TASK INSTRUCTIONS:
Return only the lines below starting at the line containing "بلوفر تريكو للنساء" and ending at the line containing "可愛いドットの薄手ニットと楽ちんワイドパンツ入荷しております", both included, exactly as they are and with no pictures.
[RECORDS FOR THE EXERCISE — start]
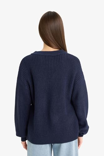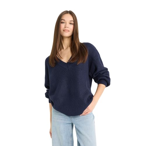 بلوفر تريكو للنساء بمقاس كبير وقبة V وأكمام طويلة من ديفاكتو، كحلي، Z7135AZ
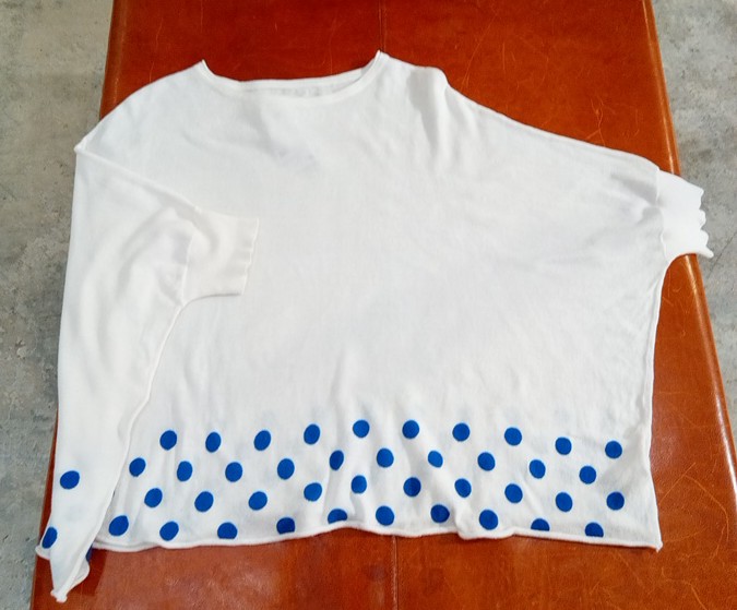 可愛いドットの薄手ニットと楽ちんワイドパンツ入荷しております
[RECORDS FOR THE EXERCISE — finish]
[RECORDS FOR THE EXERCISE — start]
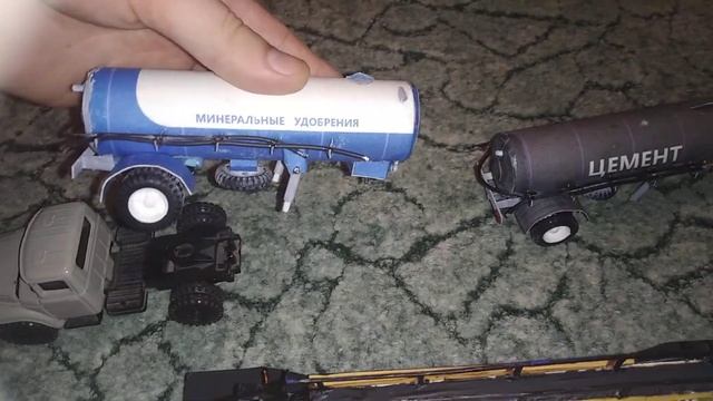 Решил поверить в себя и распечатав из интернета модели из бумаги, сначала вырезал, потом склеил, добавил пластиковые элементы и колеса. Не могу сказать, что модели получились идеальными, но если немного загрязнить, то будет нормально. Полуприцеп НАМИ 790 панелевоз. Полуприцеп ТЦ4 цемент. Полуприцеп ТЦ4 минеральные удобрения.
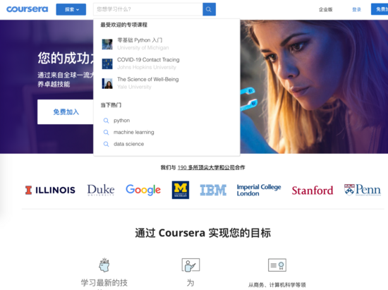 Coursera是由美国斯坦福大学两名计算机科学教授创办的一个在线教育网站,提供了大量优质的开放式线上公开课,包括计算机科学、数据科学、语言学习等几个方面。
[RECORDS FOR THE EXERCISE — finish]
[RECORDS FOR THE EXERCISE — start]
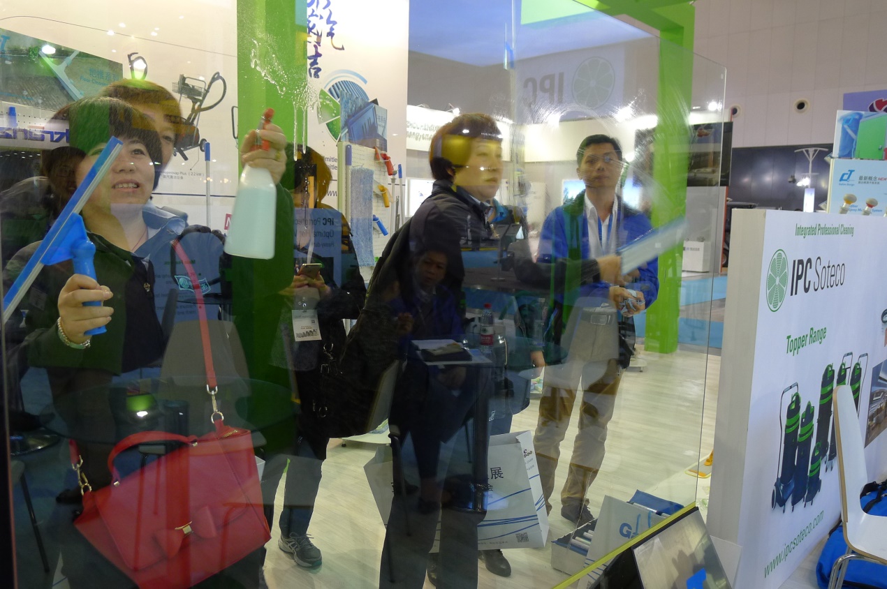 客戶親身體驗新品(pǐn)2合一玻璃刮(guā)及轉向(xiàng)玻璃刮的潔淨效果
[RECORDS FOR THE EXERCISE — finish]
EXERCISE OUTPUT:
 بلوفر تريكو للنساء بمقاس كبير وقبة V وأكمام طويلة من ديفاكتو، كحلي، Z7135AZ
 可愛いドットの薄手ニットと楽ちんワイドパンツ入荷しております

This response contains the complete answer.